Sometimes the truth is just so inconvenient, people choose subconsciously to reject it. Climate change is a very good example of this. If the claims of scientists are true, then something has to be done - and whatever the something is will be horribly expensive, economically disadvantagious, personally inconvenient for millions of people and politically difficult in a time when any form of regulation meets with popular resistance. Far easier simply to deny anything is wrong, and thus remove the need to do anything. It isn't even something people realise they are doing.
Nonesense on every count. Scientists have largely supported trusting institutions that support science, and institutions that make conclusions that are based on scientific skepticism.
Nobody IS saying that "replace coal now or millions will die" is a scientific conclusion. It is a policy conclusion based on a scientific conclusion. What they do say is that carbon increases heat absorption, we're increasing carbon output, and the temperature and weather is measurably changing. But policy is never a conclusion of the scientific method. Policy is the logical conclusion that rational people make in the face of scientific evidence and in light of facts revealed by the scientific method. The very idea that there should be evidence to support a policy conclusion, as opposed to the fact conclusions upon which the policy conclusion is based, indicates that you basically have no understanding of either science or policy.
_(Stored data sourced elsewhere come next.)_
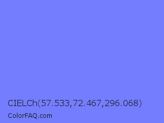 CIELCh 57.533,72.467,296.068 Color is a light blue color and the nearest color is Medium Slate Blue #7b68ee. Hex code #747dfd and RGB value is rgb(116,125,253). In RGB color space, this color is composed of 45% red, 49% green, 99% blue, In CMYK color space, this color is composed of 54% cyan, 51% magenta, 0% yellow , 1% black , In HSL color space, this color has a hue angle of 236° , 97% saturation and 72% lightness.
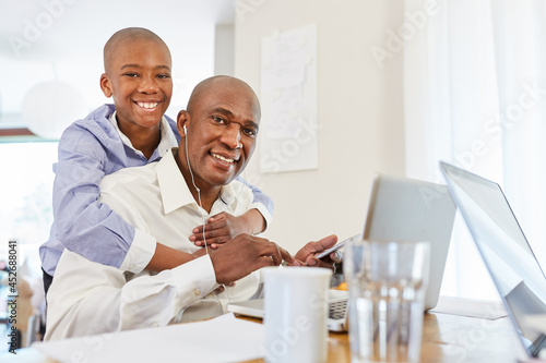 Lächelnder Junge stört Vater beim Videochat im Homeoffice
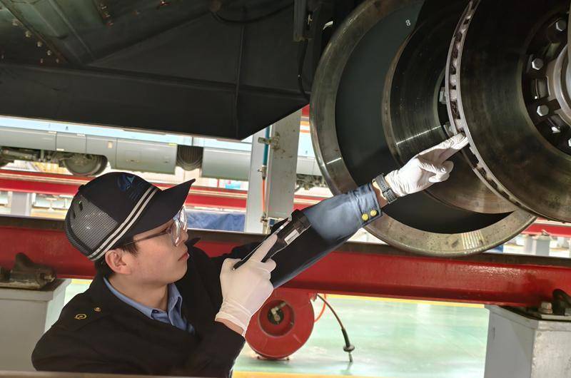 人民网银川12月21日电 (记者梁宏鑫)包银高铁即将全线贯通,兰州车辆段银川动车所地勤机械师团队以“毫米级”检修筑牢动车组安全屏障。库内动车组整齐排开,机械师们严格执行“必看、必指、必呼、必画、必触”作业标准,展开“车顶—车下—车内”全方位“体检”。接触网断电后,车顶检修人员办理登顶手续登上三层作业平台,重点检查受电弓碳滑板磨耗量、车顶绝缘子清洁度,通过受电弓升降试验,精准测试弓网接触稳定性;车下检修人员则在狭小空间内反复侧身、弯腰、下蹲,对走行部螺栓、轮对踏面等关键部位进行细密排查,他们每天重复检查动作超500次。
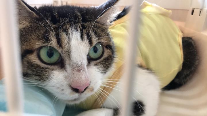 1ヶ月半程前に捕獲機に引っかかったメスの野良猫。
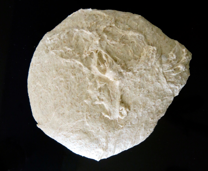 Above, the sourdough was kneaded for a very short period, until it just pulled away from the bowl, then covered with plastic wrap inside the bowl to avoid movement and rested for a good 2 hours, or overnight in the fridge.
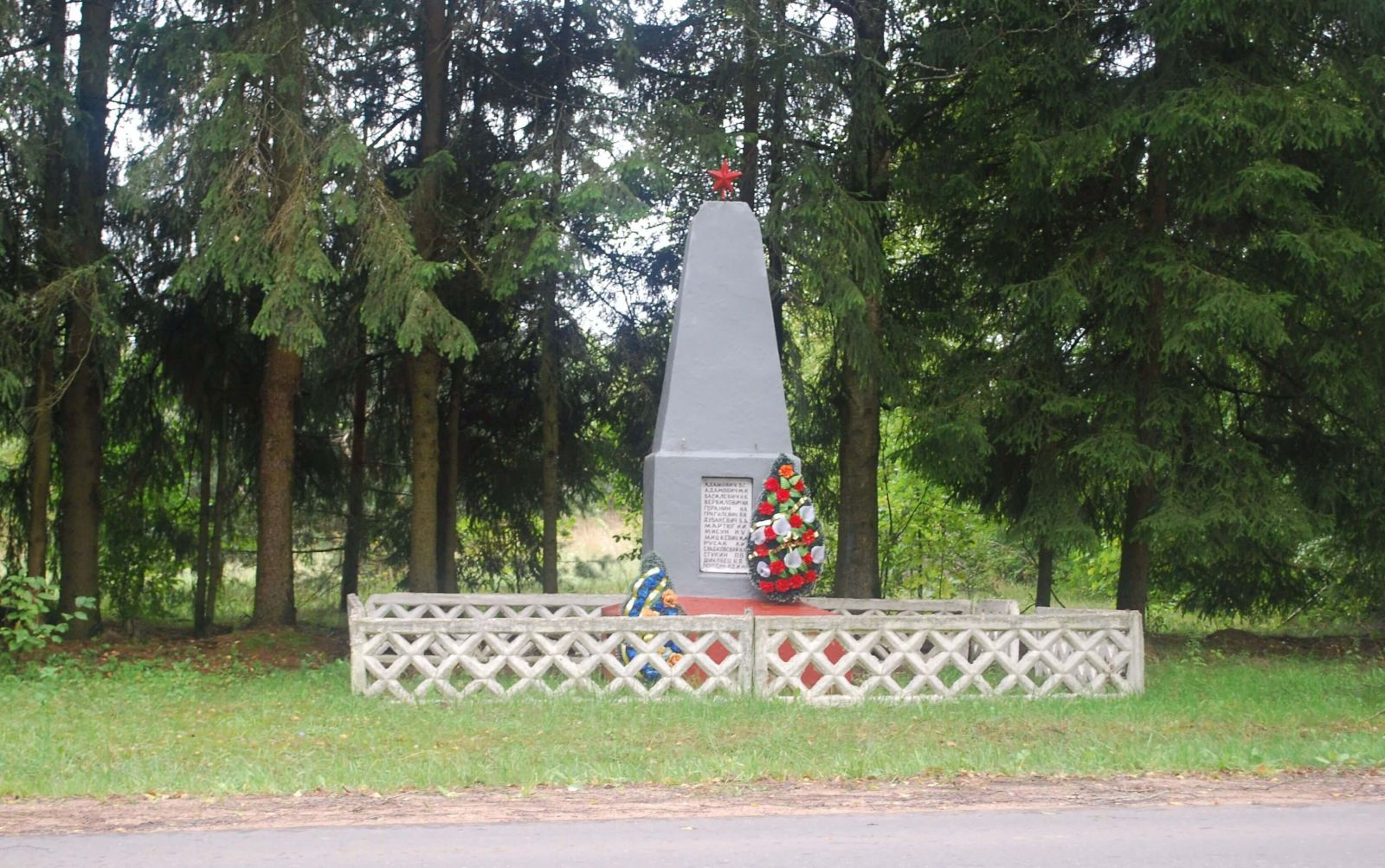 Однако многие из тех первых мемориальных сооружений стоят и сегодня. Возведенные искренне, местными силами и возможностями, с использованием крайне ограниченных материальных и финансовых средств послевоенного времени, они сохранили свои скромные, аскетичные архитектурные формы, выразительно наполненные содержанием глубокого почитания. В парках Гродно стоят памятники павшим воинам и партизанам, установленные в 1947 г. (рис. 15). В бывшем районным центре Козловщина Дятловского района сохранился монумент 1950 г. (рис. 16). На площади поселка городского типа Кривичи Мядельского района возвышается уже упомянутый обелиск 1947 г. – композиционно выверенная монументальная пирамидальная форма. И почти такой же – рядом, в Терешках Вилейского района (рис. 17–18). Недалеко от Глубокого, в урочище Борок, в 1964 г. при реконструкции мемориала на месте гибели советских и иностранных военнопленных нашли возможность включить в новую композицию и прежний обелиск, установленный в начале 1950-х гг.

I don't know, likewise, any scientist who has ever used any evidence derived from the scientific method to conclude that in a scientific sense that "god doesn't exist." What scientists typically and rightly say is that we don't need god to explain the evidence, that god is not a testable hypothesis, and that god is basically irrelevant to our theories and ideas. Only in the fevered imaginings of fundamentalists are scientists drawing the conclusion from scientific evidence and methods that god doesn't exist. They just don't do that, because by and large they know that this would be absurd.
Did you actually read anything about why he resigned from the APS, or are you just making assumptions?
His big point was their statement that AGW is *incontrovertible*.
He's right. That's not science.
His other opinions on the matter may or may not be valid, and are irrelevant. He's right. Deciding that one sort of conclusion is correct and may not be questioned or investigated is decidedly unscientific. Is the speed of light constant at all places and times? Hey, let's do some math, let's devise some experiments! Awesome! SCIENCE! Are humans causing global warming? YES AND SHUT YOUR MOUTH, ACCEPT THAT IT IS TRUE!
Huh? The fuck?
... still waiting for this free-as-in-beer free beer I keep hearing about.